In presenting his Paper, Dr. Beard made the following introductory remarks:

"In the absence of Mr. Dorman B. Eaton, of New York, a member of our Committee, I have a double duty to perform,-at once to state very briefly what has been done by this Committee, and then to give our plan for the future. I shall speak of our object the formation of a National Association for the Protection of the Insane and the Prevention of Insanity; but, first of all, a word in regard to Dr. Shaw's asylum, which I visited a short time since. I wish to speak in the highest possible terms of that institution. It is a noteworthy fact that the King's County Asylum had a terrible reputation; but this young man took hold of it and turned it from evil to good in a short time. Rev. Dr. Storrs, of Brooklyn, said it was the meanest asylum under Heaven. That was not strictly true, then, but it is true now that it is one of the best asylums in the world.

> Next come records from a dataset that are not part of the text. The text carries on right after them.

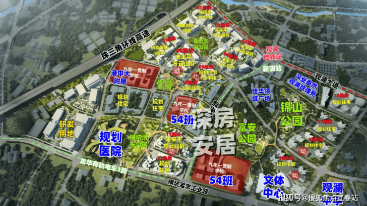 学校配套:项目规划5所幼儿园及3所九年一贯制学校(含72班、54班规模),其中72班制的学校已经确实是港中大附属学校,目前已经开工。根据2025年龙华区学区划分,小学对口观澜中心学校(省一级),初中为观澜二中或龙华第三外国语学校。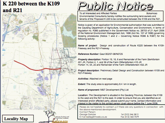 Subject: DKOA: Bokamoso Notice: Proposed Road K220 between the K109 and R21 - Gaut 002/07-08/N0725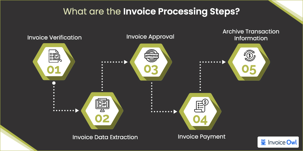 Invoice processing consists of five fundamental steps, which are: invoice verification, invoice data collection, invoice approval, invoice payment and archive transaction information.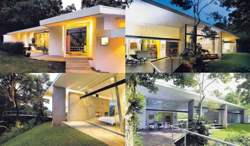 Tras un acceso empinado, aparece la vivienda extendida a lo largo de lo más plano del lote, paralela a los árboles tupidos que cubren un fuerte declive del terreno y que acaba en la cuenca de una pequeña quebrada.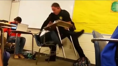 Un nuevo episodio de violencia policial ha conmocionado a Estados Unidos. Después de la serie de incidentes del último año, en los que agentes empleaban uso de fuerza excesiva contra ciudadanos afroamericanos hasta causar su muerte, este último ha tenido lugar en una escuela de Carolina del Sur. Ocurrió este lunes en el instituto Spring Valley de la ciudad de Columbia y, tal y como revela un vídeo grabado por otro estudiante, el policía agarra violentamente a una alumna por el cuello y una pierna, tirándole violentamente contra el suelo y volcando su mesa. La escena es presenciada por el resto de compañeros que evitan mirar a lo que sucede a su alrededor.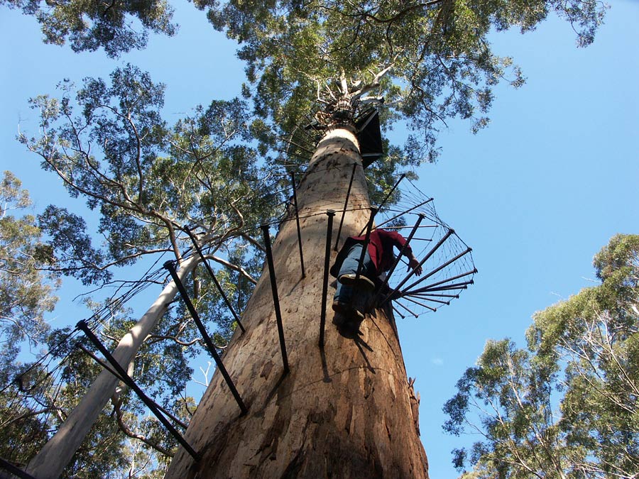 Ein paar besonders hohe Eukalyptus-Bäume hat man als „Feuertürme“ ausgebaut; von oben kann man den Wald weithin überblicken.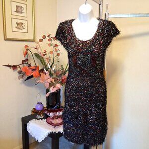 NWOT Papillon Unique Designed Stretchy Cardigan Knit Dress with Scarf Short Sleeve Sweater Spring Fall Winter Size M fit for 8 or 10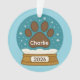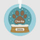 Celebrate your furry friend this holiday season with our adorable customisable pet paw print snow globe ornament. Featuring a bold brown paw print surrounded by snowflakes and stars, this festive design lets you add your pet’s name and year to the golden base for a truly personal touch. Perfect for dog lovers, cat lovers, or any pet parent looking to make the holidays extra special. This ornament makes a thoughtful keepsake or heartfelt gift for friends and family.

The Committee, of which I am a member, was appointed last winter by George William Curtis, Esq., who was the chairman of the Cooper Institute meeting which voted such a committee, for the purpose of introducing into this country, so far as possible, the English system of central governmental supervision, that has been referred to this morning and afternoon. Correspondents in England with whom I was acquainted, taking them all as they came, wrote to me recommending the principle of supervision as it has been carried on in England for years. The opinion of all these men, most of whom have charge of asylums, and who were under the central Board of Lunacy Commissioners, to whom they must report, is unanimous that their supervision was a good thing, and that they would not go back to the old system before such a commission was formed. I speak of this because there has been, in some quarters, an opposition. A bill was introduced in the New York Legislature by our Committee, the object of which was to form a Lunacy Commission there by extending the powers of the State Board of Charities. The bill was defeated by a small majority, largely through the influence of a superintendent of one of the State asylums in New York."

WHY WE NEED A NATIONAL ASSOCIATION FOR THE PROTEC

TION OF THE INSANE.

BY GEORGE M. BEARD, A. M., M. D., OF NEW YORK.

While passing, the other evening, through a collection of flowers at an exhibition in New York, I observed a crowd looking at some geraniums. One who professed to be skilled in these matters, told me that the object of attention was a double white geranium which had only been developed within the last ten or fifteen years; if it existed before that time it had not been known in this country, at least to horticulture.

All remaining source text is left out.